Defendant failed to raise his grand jury arguments in the trial court. Rule 3:10-2 therefore treats this argument as waived by the defense and not eligible for consideration by us unless defendant presents "good cause" why we should consider the issue. State v. Del Fino, 100 N.J. 154, 160, 495 A.2d 60 (1985). Defendant claims, in essence, that grand jury proceedings which produce an indictment without hearing a verbatim reading of applicable statutes or a recitation of all legal elements of each charge by the prosecutor are unconstitutional. Art. 1, para. 8 of the New Jersey Constitution, which merely requires grand jury presentment, makes no such demands and imparts no such rights to the criminal defendant.

Adding to the grand jury's own powers of investigation, a prosecutor's advice to the lay jury on the applicable law helps make the grand jury more effective. See United States v. Sells Engineering, Inc., 463 U.S. 418, 430, 103 S. Ct. 3133, 3141, 77 L. Ed. 2d 743, 756 (1983) (discussing the functioning of the modern grand jury). Because of the non-adversarial nature of grand jury proceedings, however, incomplete or imprecise legal interpretations will not warrant dismissal of the indictment. State v. Schmidt, 213 N.J. Super. 576, 584, 517 A.2d 1226 (App.Div.1986), rev'd on other grounds, 110 N.J. 258, 540 A.2d 1256 (1988). Because an indictment should only be quashed on the "clearest and plainest grounds," State v. Dixon, 125 N.J. 223, 237, 593 A.2d 266 (1991), the conduct of a prosecutor should not warrant dismissal unless it clearly invades the grand jury's decision-making function. State v. Schamberg, 146 N.J. Super. 559, 564, 370 A.2d 482 (App.Div.),

[262 NJSuper Page 563]

certif. denied, 75 N.J. 10, 379 A.2d 241 (1977) (involving alleged prosecutorial misconduct before a grand jury).

In his presentment to the grand jury, the initial prosecutor in this case merely announced the charges and applicable statutes. During the questioning of the surveilling officer, however, the prosecutor wove the elements of each crime, where not obvious, into his questions.

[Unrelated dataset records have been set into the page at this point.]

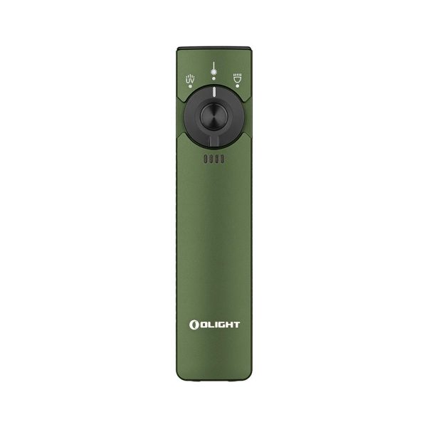 Зарядният фенер Olight Arkfeld Pro 1300 Лумена е всекидневен EDC фенер, който предлага три различни източника на светлина: бяла светлина CW, зелен лазер Class1 и UV – 900mW с 365nm дължина на вълната. Креативният дизайн на превключвателя (централен бутон и селектор) е едновременно практичен и красив. Зареждането е с магнитно USB зарядно на Olight. Фенерчето е плоско и има щипка за носене. Може да се закрепи удобно, към джобовете ви. Магнит в задната част, позволява прикрепване, към метални повърхности. Със страхотен дизайн плюс множество светлинни функции, Arkfeld може да бъде ненадминат избор за EDC фенерче. UV светлина: 365 nm дължина на вълната и мощност 580 mW UV светлината помага за откриване на петна от урина на домашни любимци върху килими, които са невидими с просто око и е идеален за проверка на чистотата в хотела, проверка на банкноти, минерали и др. Лесно превключвайте между трите режима на осветяване с помощта на интуитивния кръгъл селектор.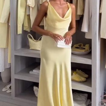 Victoria’s Vogue Women’s Solid Vacation Style Satin Texture Backless V-neck Midi Dress Summer Female Elegant Sexy Lace-up Strap Dress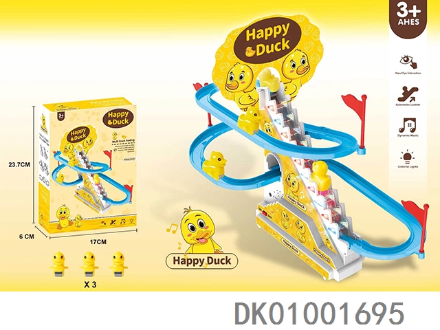 3只小鸭子爬楼梯电动滑行轨道灯光音乐(不包电)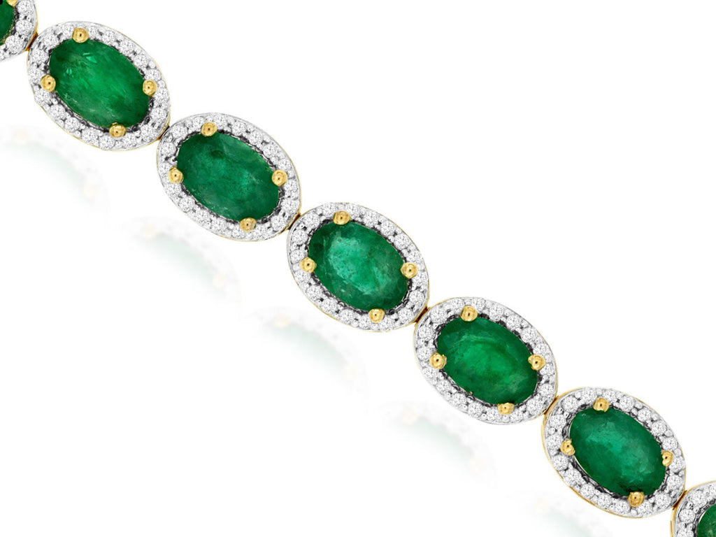10.40CT DIAMOND & AAA EMERALD 14KT YELLOW GOLD OVAL & ROUND HALO TENNIS BRACELET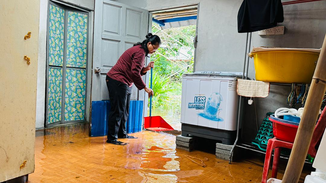 “Petang semalam hujan lebat dalam dua jam, air naik mendadak di bahagian dapur sehingga paras betis. Masa itu dah dekat nak berbuka puasa dalam pukul 7 malam.

In light of the prosecutor's detailed questions and the self-explanatory nature of each of the charged offenses,*fn4 we find no "good cause" for ignoring the procedural bar to adjudicating this claim, and no risk of "fundamental inJustice" flowing from invocation of the bar. In any event, the minute risk of contamination of the indictment due to the grand jury being "uninformed" was rendered moot by defendant's subsequent trial and convictions by the petit jury. See U.S. v. Mechanik, 475 U.S. 66, 70, 106 S. Ct. 938, 941, 89 L. Ed. 2d 50, 56 (1986).

Defendant's claim that the State's evidence was insufficient to support the convictions is clearly without merit. R. 2:11-3(e)(2).

Since defendant's conviction for employing a juvenile in a drug distribution scheme is reversed and is to be remanded for retrial, we will not consider the totality of defendant's sentencing arguments, except to state that under State v. Dillihay, 127 N.J. 42, 46-50, 601 A.2d 1149 (1992), the convictions for possession with intent to distribute and possession with intent to distribute within 1,000 feet of school property should have been merged. With this merger and the vacating of the conviction noted above, the matter must also be remanded for resentencing on the remaining counts, which are hereby affirmed.

[262 NJSuper Page 564]

The conviction for employing a juvenile in a drug distribution scheme is reversed and remanded for retrial. The convictions for distribution of CDS and distribution of CDS within 1,000 feet of school property are merged and the sentence for distribution of CDS is therefore vacated. The remaining convictions are affirmed, but the matter is remanded for resentencing.